This preferred embodiment arranges noise remove subelement, and effective integration center pixel closes on the space of neighborhood territory pixel
Property and grey similarity carry out noise reduction process, flat site in the picture, in neighborhood, grey scale pixel value is more or less the same, use
Gaussian filter is weighted filtering to gray value, and at the borderline region that change is violent, row bound keeps filtering, beneficially image
The holding at edge;Use K mean cluster to extract nucleus and Cytoplasm coarse contour, can effectively remove the interference of noise;Arrange thin
Subelement is demarcated at karyon center, it is simple to follow-up be accurately positioned nucleus and Cytoplasm profile;Accurate Segmentation subelement fills
Divide and make use of directional information, overcome the inflammatory cell interference to edge graph, it is possible to accurately extract nucleus and Cytoplasm limit
Edge.
Preferably, the described textural characteristics to cell image extracts, including:
(1) the Gray co-occurrence matrix of cell image, described comprehensive ash is asked for based on the gray level co-occurrence matrixes method improved
Degree co-occurrence matrix embodies cell textural characteristics in different directions:
Be located at 0 °, 45 °, 90 °, gray level co-occurrence matrixes on 135 ° of four directions be respectively h (x, y, d, 0 °), h (x, y, d,
45 °), h (x, y, d, 90 °), h (x, y, d, 135 °), corresponding matrix element project is X1、X2、X3、X4, then Gray is altogether
The computing formula of raw matrix is:
H (x, y, d)=w1h(x,y,d,0°)+w2h(x,y,d,45°)+w3h(x,y,d,90°)+w4h(x,y,d,135°)

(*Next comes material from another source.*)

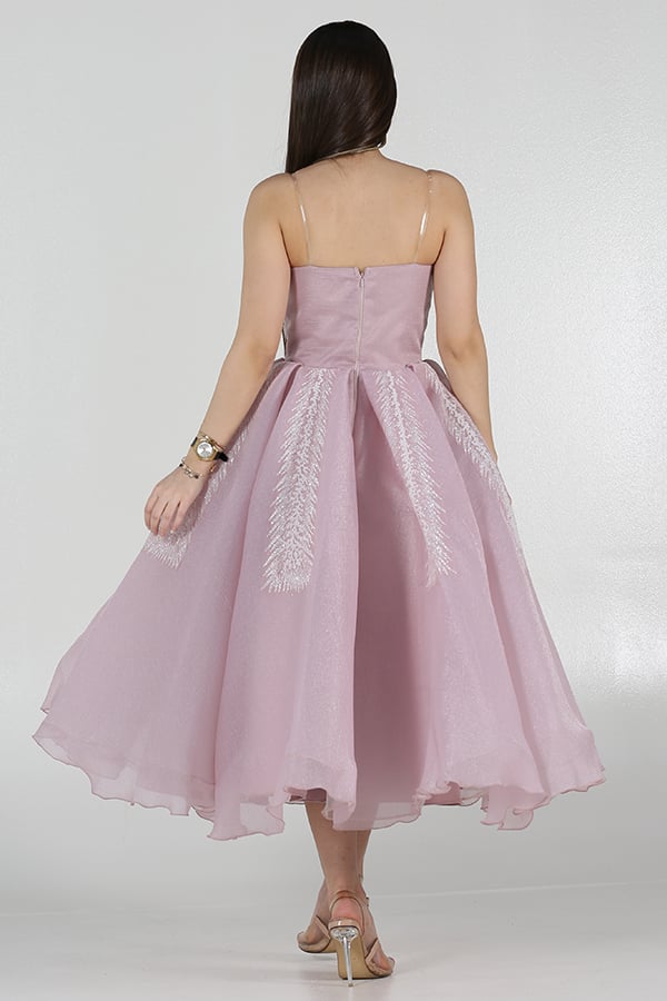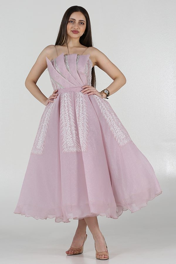 خامة البيليسية تضيف لمعة جذابة على الفستان، مما يجعله يبرز في الضوء ويضيف لمسة من الفخامة. القصة الميدي تمنحكِ مظهرًا أنيقًا وشبابيًا، بينما يبرز الشكل العام للفستان تألقكِ ويمنحكِ إطلالة راقية وجذابة.

Gray co-occurrence matrix element number is:
In formula, d represents distance, and the span of d is [2,4], wiFor weight coefficient, i=1,2,3,4, it is by four sides
The contrast level parameter that the gray level co-occurrence matrixes on each direction in is corresponding calculates, if the gray level co-occurrence matrixes on four direction
Corresponding contrast level parameter is respectively Di, average isI=1,2,3,4, then weight coefficient wiComputing formula be:
(2) four textural characteristics parameters needed for utilizing described Gray co-occurrence matrix and matrix element project to obtain:
Contrast, variance and, energy and average;
(3) described four textural characteristics parameters are normalized, the normalized textural characteristics value of final acquisition.

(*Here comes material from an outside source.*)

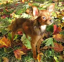 The Russian Toy (also known as the Russian Toy Terrier, and in Russia as the Russkiy Toy , Russian: Русский той) is a very small breed of dog originally bred in Russia from the English Toy Terrier. There are two types of coats in the breed: smooth coat and long coat. The smooth-coated variety was previously known as the Russian Toy Terrier and long-coated as the Moscow Long-Haired Toy Terrier. Both were brought together under the same Russian Toy Terrier name in 1988 and the "Terrier" was dropped from the name when the breed was added in 2006 to the official list of breeds registered with the Fédération Cynologique Internationale[1] and has been registered in the Foundation Stock Service of the American Kennel Club since 2008, allowed to compete in AKC companion events since 2010.[1][2] The first official breed standard of the two varieties was written in 1966 in Russia.[1]

This preferred embodiment, based on the gray level co-occurrence matrixes method improved, uses the mode arranging weight coefficient to ask for cytological map
The Gray co-occurrence matrix of picture, and then extract cell textural characteristics on appointment four direction, solve owing to outside is done
Disturb the textural characteristics ginseng of the cell that (cause such as lighting angle when cell image gathers impact, the flowing interference etc. of gas) causes
Numerical value has the problem of bigger difference in different directions, improves the precision of cell image texture feature extraction;Selected contrast,
Variance and, energy and four textural characteristics of average, eliminate the characteristic parameter of redundancy and repetition;To described four textural characteristics ginseng
Number is normalized, and the Classification and Identification facilitating follow-up cell image processes.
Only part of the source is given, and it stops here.